「鎌倉大仏前マルシェ」の実行委員長 井出 朋子さん 腰越在住
「おいしい」の伝道師
○…「おいしいものに出会える火曜日」。そう銘打って昨年10月にスタートさせた『鎌倉大仏前マルシェ』は、月に数回、鎌倉観光会館で火曜に開催している。1月も18日と25日に予定し、「青みかんドレッシングに天然酵母パン、その日の搾り立て牛乳などおいしいものがいっぱい」と語り、1人でも多くの来場を期待している。
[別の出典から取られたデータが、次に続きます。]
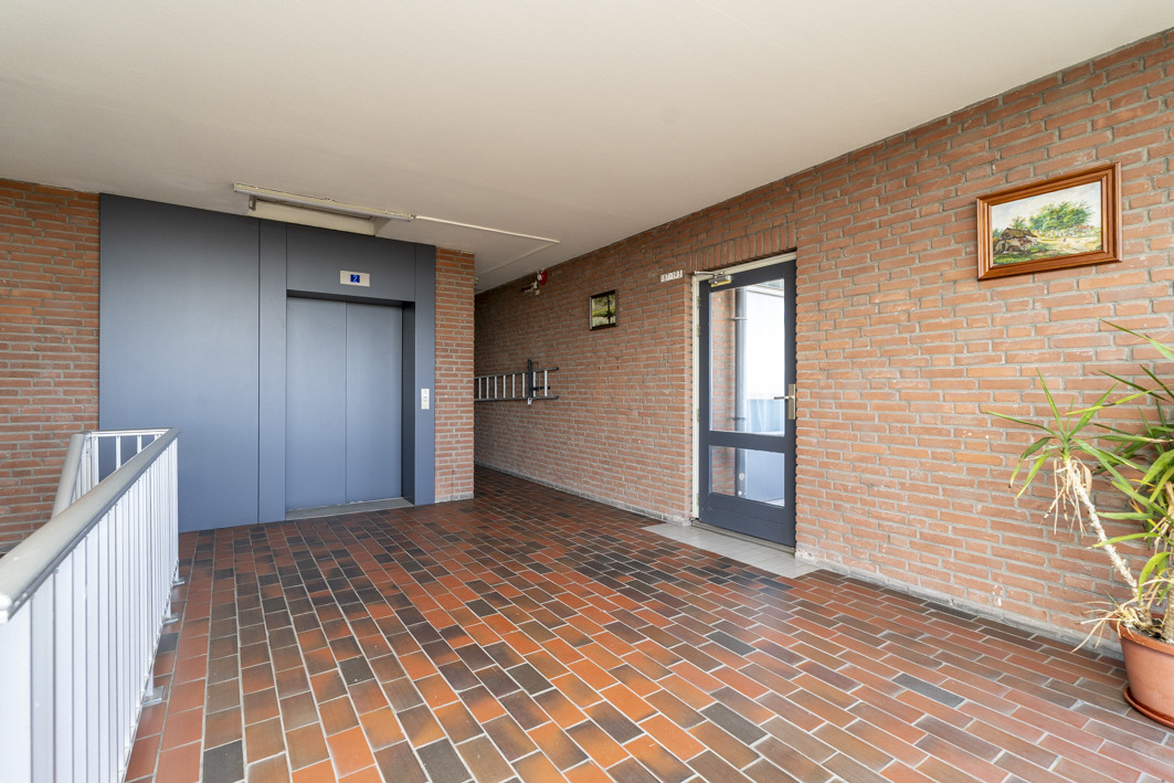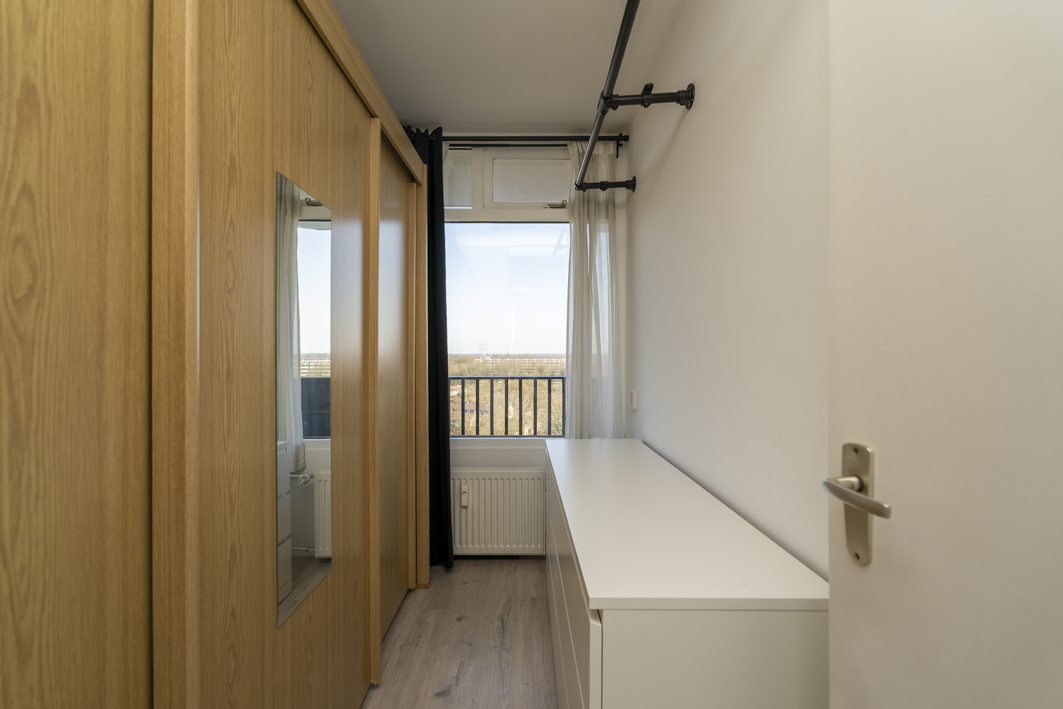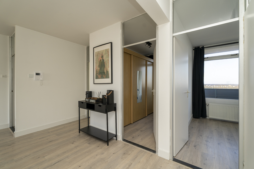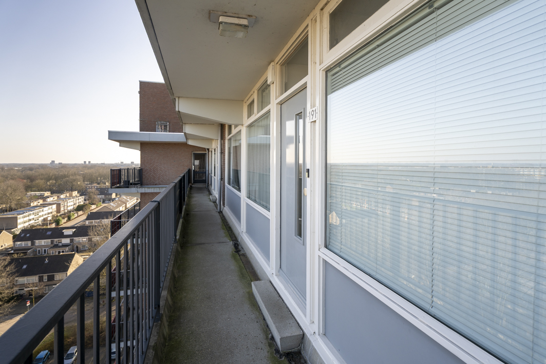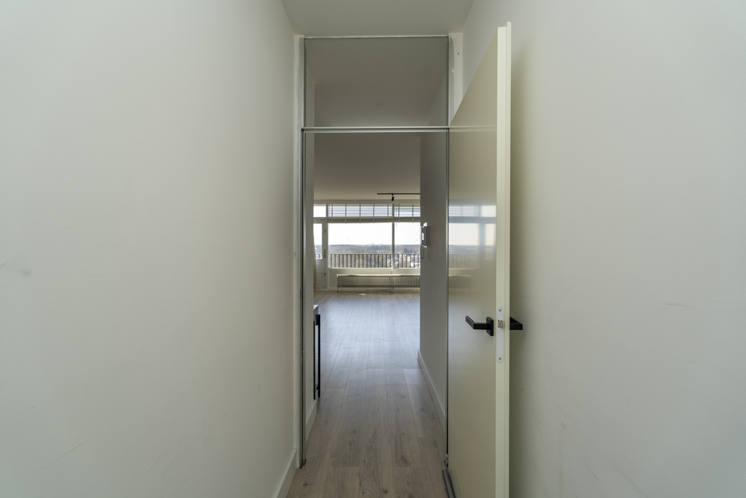 Via de centrale entree van het complex bereik je de bergingen, het trappenhuis en uiteraard de lift die je comfortabel naar de twaalfde verdieping brengt. Vanaf de galerij stap je zo de voordeur van dit verzorgde appartement binnen.

○…マルシェ立ち上げのきっかけは、コロナ禍で大幅に減少した観光客。「空き店舗もあり、特に平日は閑散としている」という大仏通りの観光会館で、自身も昨年9月に全国の食品を販売する店「ウォーク&ファインド鎌倉」を開業したが、営業はままならず。「まず足を運んでもらうきっかけとして、周りのお店に声をかけてマルシェを始めたんです」。その前向きな行動に市内外の生産者も呼応し、イベントには毎回10店ほどが出店している。
○…生まれは島根県。近所の海と山を駆け巡り、ピアノやフルートにも熱中した。高校卒業後は上京し、カメラメーカーに就職。33歳での出産を機に退職し、子どものごはん作りによって「食」に目覚めた。「もともと食べることは好きだったけれど、栄養やバランスを考えるようになり食の大切さに気づいた」。児童養護施設に勤務し、資格も野菜ソムリエ、食育インストラクター、調理師を取得。さらに、50歳を過ぎてから起業した。その会社では島根の食品も扱うため、故郷からふるさと親善大使に任命されている。
○…「食のパワーはすごい。笑顔になるし、免疫もつく。マルシェでおいしいものを共有し、街が元気になれば」と前を見据える。今の楽しみは、イベントで生産者と来場者が交流する姿に触れることと、夫の手作りパスタを食べることだ。